Oh, starting with a dream of winning? I just know Zo isn't gonna win.
Curious why Joke seems to be only close to his grandmother.
I do like the boxes they tap for the debate.
These new juice cans Oishii is pushing are just too much.
I like that their team won, but Nita won the best speaker award. She's not tied to a romance, and it lets us get two levels of drama. So succeeded as president by leading his team to victory with a sound strategy, but he failed to meet the standard for himself.
Hello, Arm! Glad to see you acting and not just presenting.

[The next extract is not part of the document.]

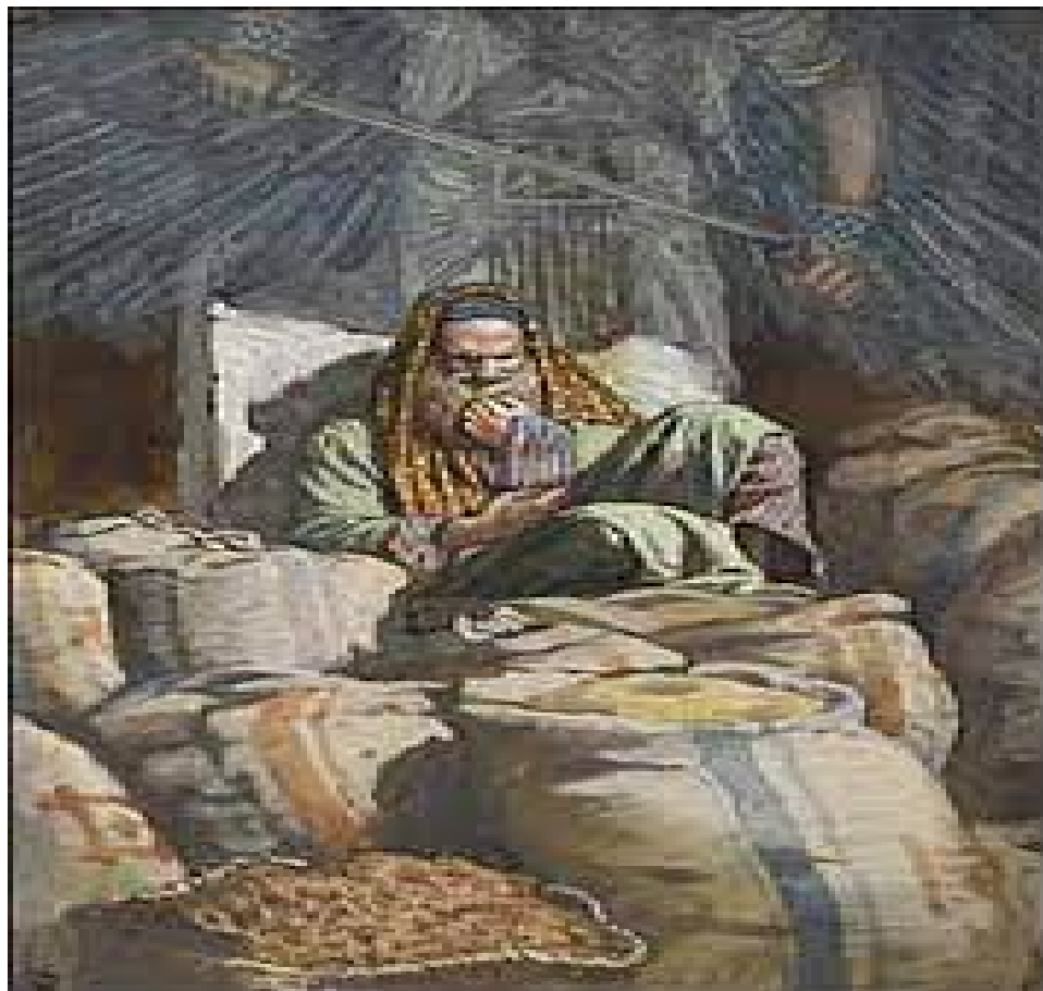
“The Parable of the Rich Fool”

They got Zo doing a surprise for Nita when he's so disappointed right now.
I feel for Zo. It's difficult to work as hard as you can and it still not feel like enough. But, Zo, baby, you are kenough.
I like the continuity of showing the rain and having the boys' shoulders be wet when they reach the hospital bed.

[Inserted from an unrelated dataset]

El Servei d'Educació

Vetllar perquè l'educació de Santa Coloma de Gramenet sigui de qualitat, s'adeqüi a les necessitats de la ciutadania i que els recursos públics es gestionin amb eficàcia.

I like Zo's mom. This is the kind of complicated relationship I have with my family. They would absolutely hide information from me in the middle of a major event so that I could focus and then tell me after.
Joke is a good partner, and Zo's mom is perceptive. I think they would be great in laws someday. My dad's mom loved my mom. They were really close.
Joong and Dunk are huge. They are towering over the actress playing Zo's mom.
I'm not sure what the deal is with Joke's family this episode.
Okay, I liked Joke holding firm on the small argument about Zo's mom. Whatever Zo may be feeling, his mom was trying to encourage him.
I don't like Joke's shirt. It's been bothering me since he changed out of his uniform.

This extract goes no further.